• RECORDED DATA
= Beginning of Section =
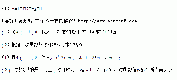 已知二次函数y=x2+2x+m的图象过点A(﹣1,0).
= End of Section =
= Beginning of Section =
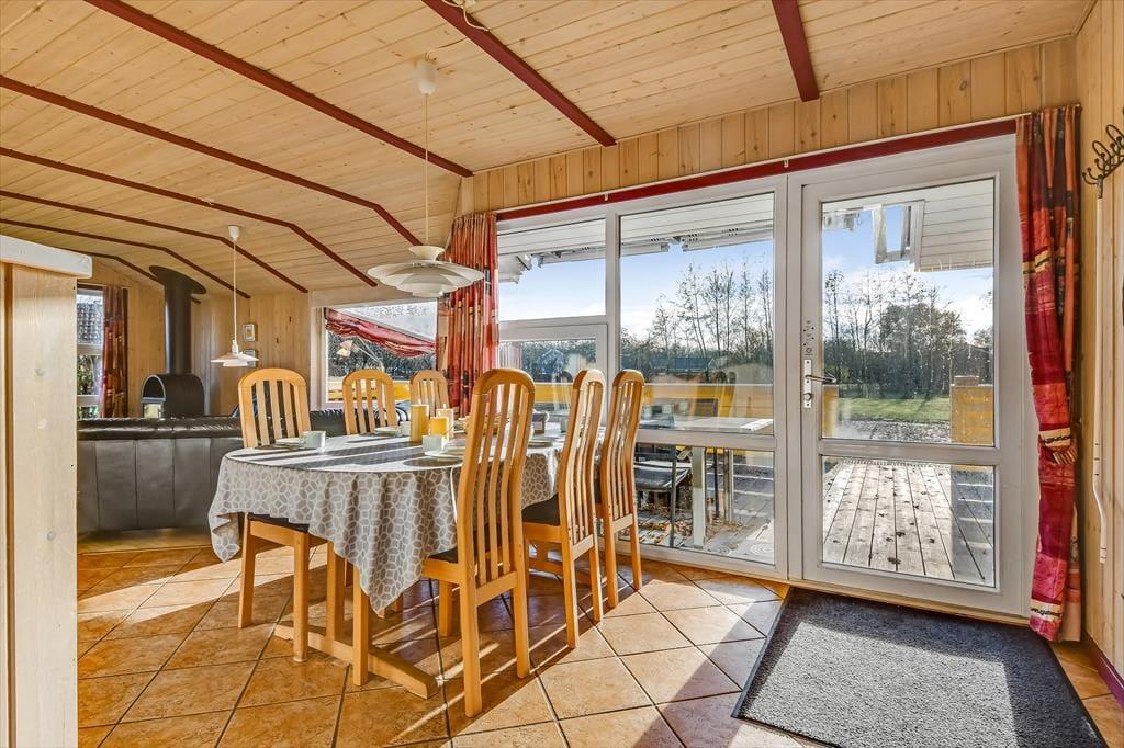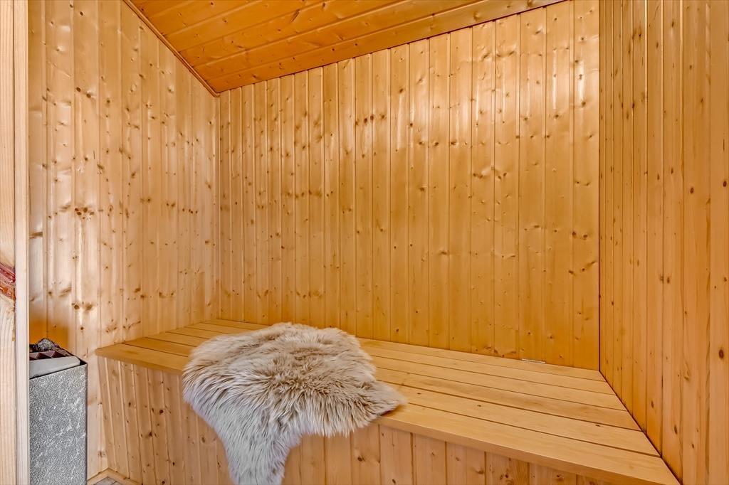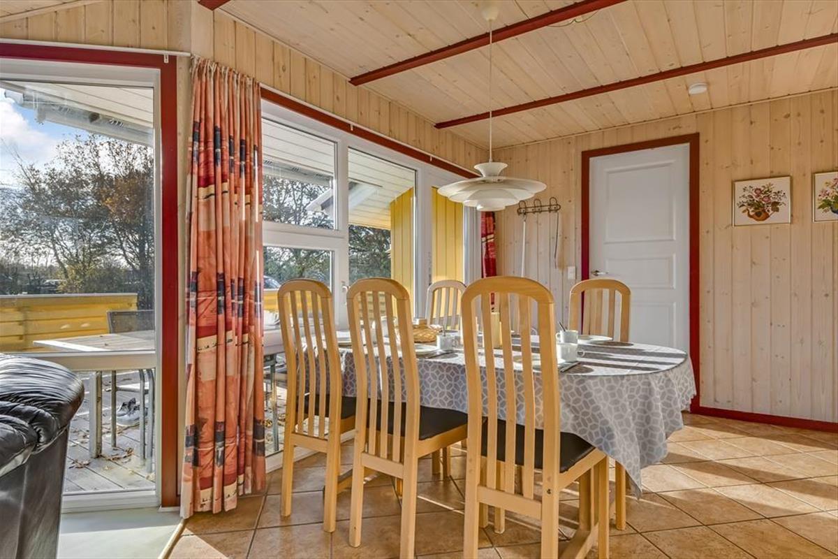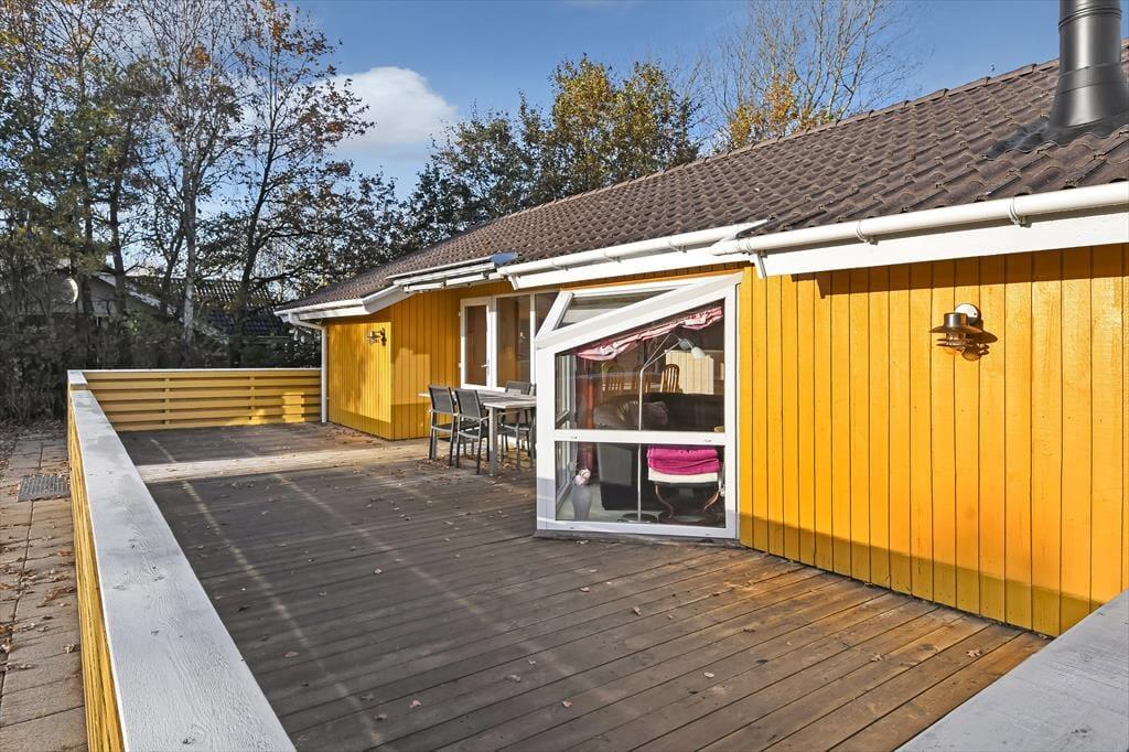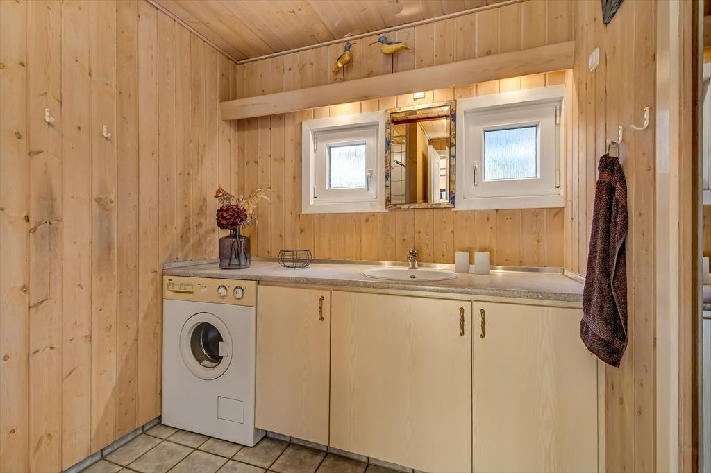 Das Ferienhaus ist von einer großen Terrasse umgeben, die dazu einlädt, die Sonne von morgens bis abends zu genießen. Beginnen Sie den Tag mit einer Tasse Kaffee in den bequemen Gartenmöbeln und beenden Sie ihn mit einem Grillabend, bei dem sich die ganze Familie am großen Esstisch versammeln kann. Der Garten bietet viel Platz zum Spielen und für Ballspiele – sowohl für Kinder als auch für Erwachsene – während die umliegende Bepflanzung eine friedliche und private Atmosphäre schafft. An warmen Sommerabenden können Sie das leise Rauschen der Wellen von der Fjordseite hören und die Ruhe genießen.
= End of Section =
= Beginning of Section =
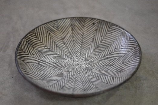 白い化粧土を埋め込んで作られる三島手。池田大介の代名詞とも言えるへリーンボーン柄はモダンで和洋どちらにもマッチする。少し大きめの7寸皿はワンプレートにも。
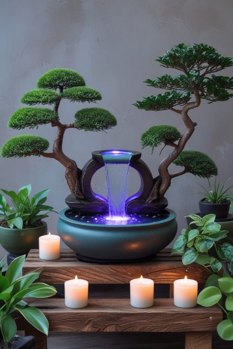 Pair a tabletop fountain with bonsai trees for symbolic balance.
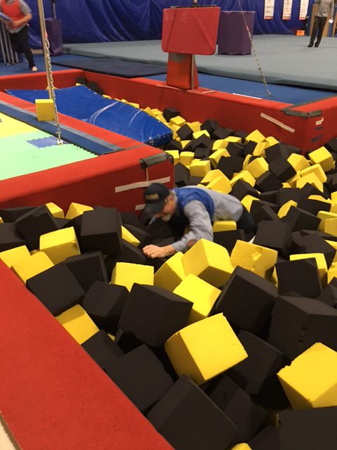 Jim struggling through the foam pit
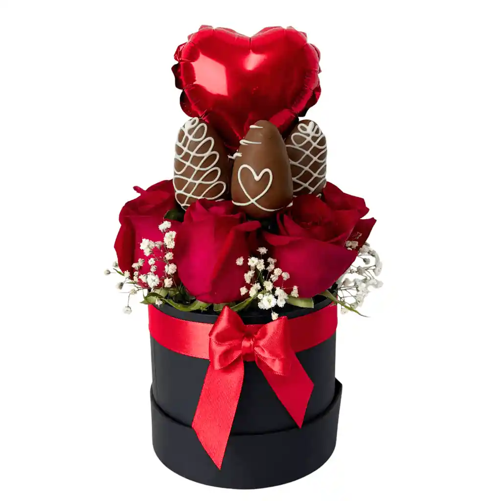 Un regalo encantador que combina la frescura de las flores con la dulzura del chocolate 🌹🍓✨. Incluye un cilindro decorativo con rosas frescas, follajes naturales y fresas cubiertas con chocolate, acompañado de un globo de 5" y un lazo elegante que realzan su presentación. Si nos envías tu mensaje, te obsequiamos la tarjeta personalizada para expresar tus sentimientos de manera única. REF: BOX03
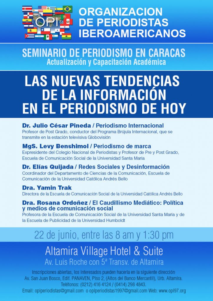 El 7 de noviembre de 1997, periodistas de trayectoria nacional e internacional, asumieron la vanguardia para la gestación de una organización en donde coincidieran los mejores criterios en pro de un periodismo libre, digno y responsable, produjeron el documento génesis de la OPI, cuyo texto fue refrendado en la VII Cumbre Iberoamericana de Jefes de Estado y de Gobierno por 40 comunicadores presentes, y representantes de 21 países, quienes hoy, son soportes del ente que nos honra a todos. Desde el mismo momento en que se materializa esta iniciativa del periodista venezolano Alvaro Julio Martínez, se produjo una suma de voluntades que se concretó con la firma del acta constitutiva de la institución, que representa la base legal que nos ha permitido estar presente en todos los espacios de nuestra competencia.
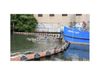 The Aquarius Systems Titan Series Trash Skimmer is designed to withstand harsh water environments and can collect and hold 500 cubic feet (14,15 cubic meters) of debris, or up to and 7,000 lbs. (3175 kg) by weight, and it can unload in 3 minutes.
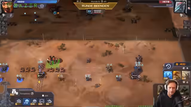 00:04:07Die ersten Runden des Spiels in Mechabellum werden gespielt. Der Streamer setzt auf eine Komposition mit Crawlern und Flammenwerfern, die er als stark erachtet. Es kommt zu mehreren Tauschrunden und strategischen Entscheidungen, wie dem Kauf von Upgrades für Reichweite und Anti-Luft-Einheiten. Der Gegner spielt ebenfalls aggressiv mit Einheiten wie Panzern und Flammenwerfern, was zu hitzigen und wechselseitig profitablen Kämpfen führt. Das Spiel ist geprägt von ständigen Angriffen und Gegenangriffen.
= End of Section =
• WHAT THIS TASK INVOLVES
What is needed is an exact copy of the lines above from the one with "白い化粧土を埋め込んで作られ" to the one with "Un regalo encantador", both ends kept, and nothing more; please leave the pictures out.

• TASK SOLUTION
 白い化粧土を埋め込んで作られる三島手。池田大介の代名詞とも言えるへリーンボーン柄はモダンで和洋どちらにもマッチする。少し大きめの7寸皿はワンプレートにも。
 Pair a tabletop fountain with bonsai trees for symbolic balance.
 Jim struggling through the foam pit
 Un regalo encantador que combina la frescura de las flores con la dulzura del chocolate 🌹🍓✨. Incluye un cilindro decorativo con rosas frescas, follajes naturales y fresas cubiertas con chocolate, acompañado de un globo de 5" y un lazo elegante que realzan su presentación. Si nos envías tu mensaje, te obsequiamos la tarjeta personalizada para expresar tus sentimientos de manera única. REF: BOX03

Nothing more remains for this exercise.